Almost no manager who has been successful in the English top division has had a prior record of success in managing big clubs. Pep Guardiola is the obvious one but before this century I can't think of anyone.
Ferguson managed Aberdeen. Before this century is a bit of a cut-off, especially if you're defining big clubs in a limited way. Who qualifies?
Before this century? Not sure why that's relevant, to be honest, but still. Conte would apply otherwise. Wenger, Mancini, Ranieri and Pellegrini have all won the Premier League, too. Benitez? Won La Liga with Valencia and picked up a number of trophies with Liverpool.
And the there's Felix Magath ...wait, did they have to be successful in the Premier League too? Bugger!
Before this century the game was a very different animal, before the premier league how many overseas managers were there in this country? Between 1970 the first season I have some recall of, and the start of the premier league in 1992, off the top of my head the league was won by - Harry Catterick , Bertie Mee, Brian Clough, Don Revie, Bill Shankly, Dave Mackay, Bob Paisley, Ron Saunders, Joe ***an, Howard Kendall, Kenny Dalglish, George Graham and Howard Wilkinson, so some Englishmen and a few Scots - which must mean that Wenger was the first 'foreigner' to win it and that Howard Wilkinson remains the last Englishman!
Debatably Bob Kyle with Sunderland in 1912/13. He was Irish, but the timing makes that one rather messy. I'd say he counts.
Romano is a tap-in merchant who repeats what other journos say and then tries to add a twist so it isn't as obvious, so what we need to look for is either Dan Kilpatrick or Alasdair Gold at our end, or a reliable Italian source at the other Gold was certainly talking about Paratici a couple of days back, so something was in the works then
No, I meant whether having Paratici as a DoF is good or not. Obviously anything that removes Hitchens from this side of the business is possibly good!
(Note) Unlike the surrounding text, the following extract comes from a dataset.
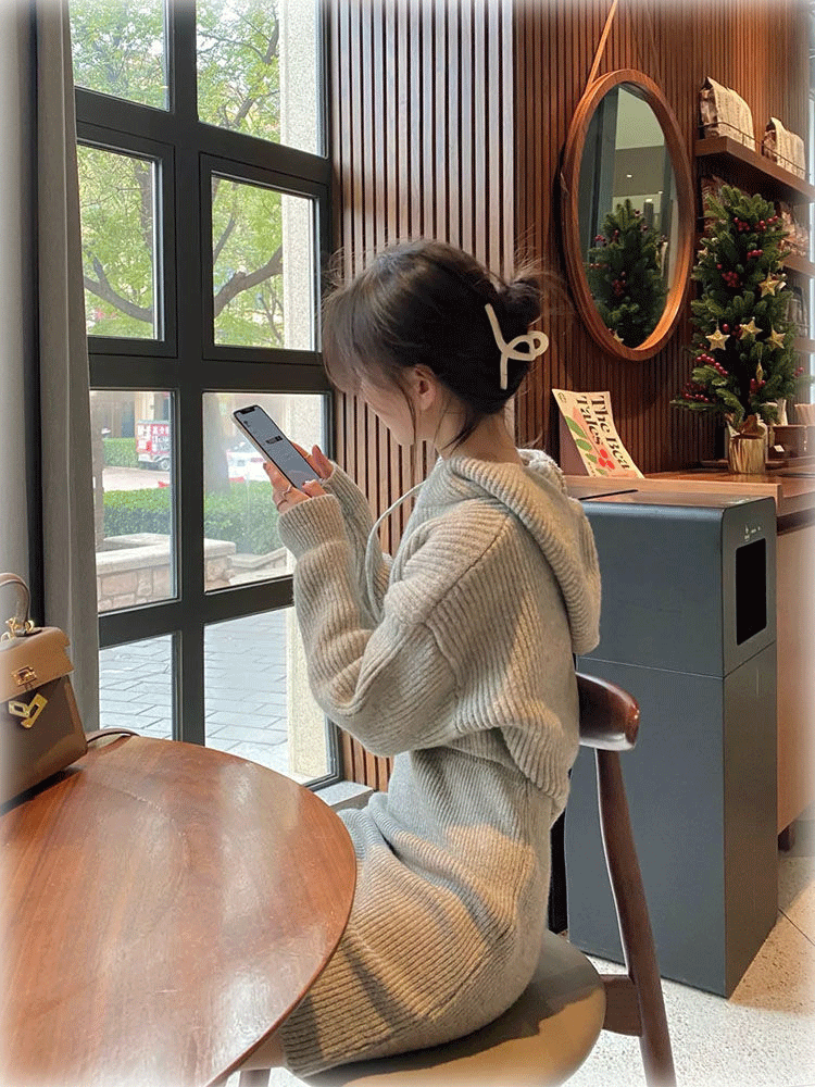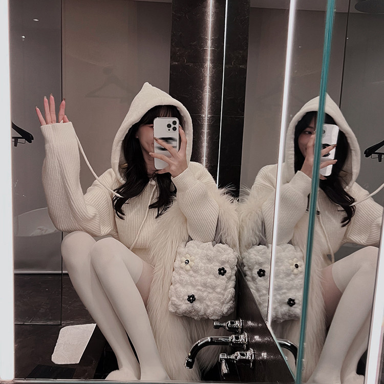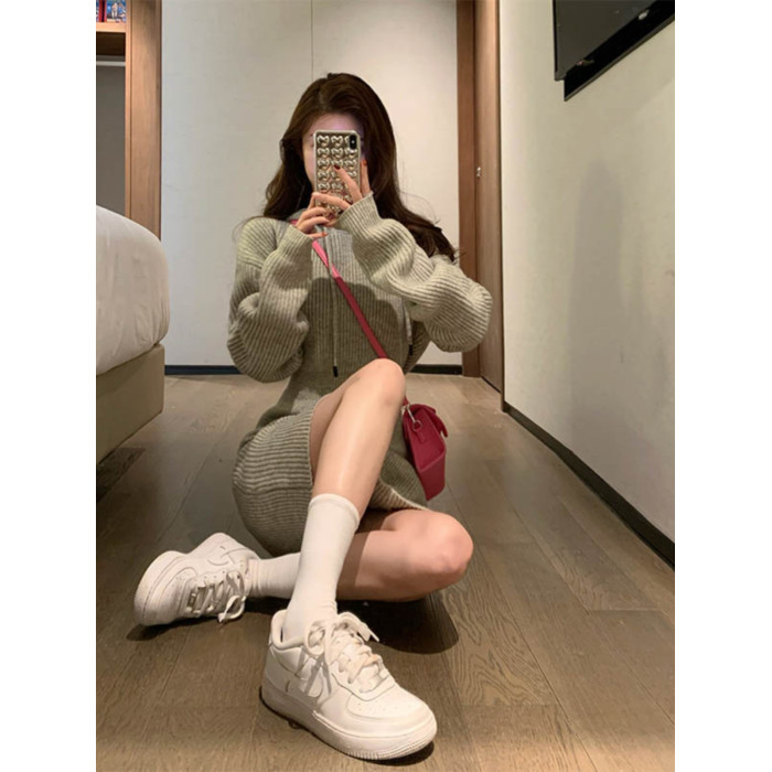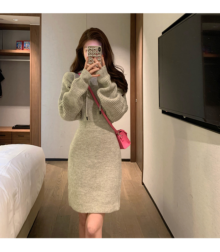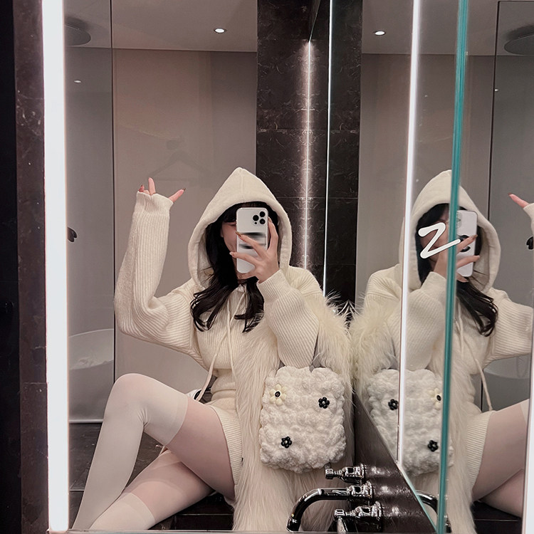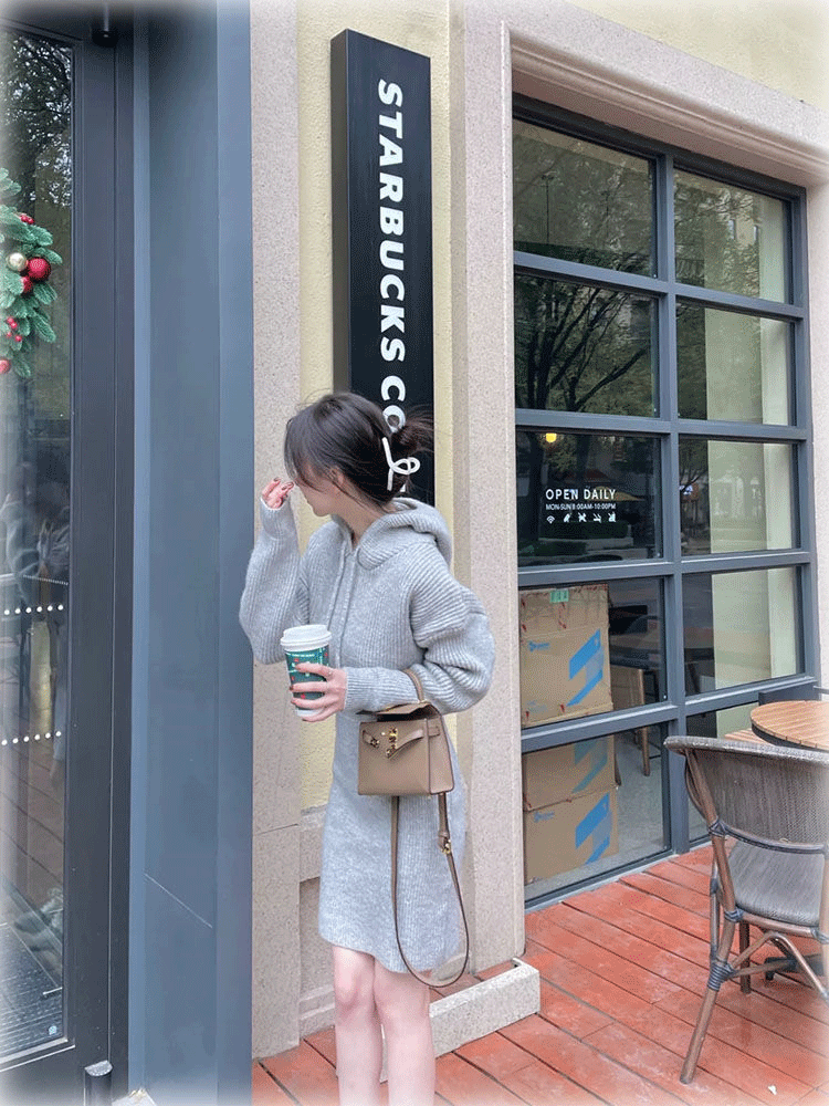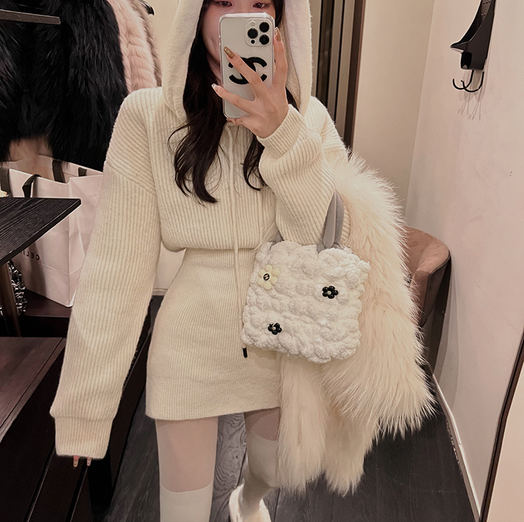 法式復古連帽加厚針織毛衣連衣裙女冬季2025新款減齡包臀短款裙子

The point I was trying to make (badly it turns out) was that if you look at the most successful managers they usually have their first big league success at a big club (working definition...a club who has won Serie A, La Liga, Bundesliga or English top division at least 10 times overall or five times in the last 25 years). So looking to appoint someone who has won the League elewhere would have excluded a lot of successful managers.
Antonio Conte is reportedly ‘unconvinced’ by the Tottenham Hotspur project and is now leaning towards a rejection, which could affect Fabio Paratici’s decision too. According to Sky Sport Italia, the situation is increasingly tense and Conte is more and more likely to turn down the offer. He left Inter because he was unwilling to accept a club that required cuts to the squad and wages, so as Spurs are not in a much better situation, the move raised a lot of questions. Transfer expert Gianluca Di Marzio notes Conte is now leaning towards a rejection of Tottenham, as he fears they will not have a competitive squad following sales. The biggest concern is the probable exit of Harry Kane and the inability to bridge the massive gap between Spurs and the other top Premier League clubs. Tottenham are also trying to bring in former Juventus director of sport Paratici, but if Conte doesn’t take the job, then that could also affect his decision.
I mentioned it a couple of days back, but Paratici's approach at Juve was bringing in younger players with upside (Pogba, Dybala, Coman, Alex Sandro) with one or two experienced players like (Pirlo, Llorente, Dani Alves) who were often brought in for reasonable fees or, quite often, frees (Pirlo, Pogba and Alves were all free transfers, so a start) which built upon the team's spine of Buffon, Chiellini, Bonucci, Marchisio so the team were adding both long-term replacements and also players who would add instant quality even if they were only able to do so for 2-3 seasons tops Does this mean Hitchen is going? No, since he's our chief scout - but what it does mean is we stop this idiotic witch hunt against Hitchen while all comes from him saying the January transfer window is a pain in the backside in the Amazon documentary and has snowballed into him being the guy who signs off on dud transfers (even the ones when Paul Mitchell was DoF) and turning down ones who have prospered elsewhere (even though Dan Kilpatrick is on record saying Poch did that) because the Lunatic Fringe are completely deranged at this point
My immediate thought was to check who Dynamo Kyiv's coach is ...and then say "Bloody hell, what's the retirement age in the Ukraine?"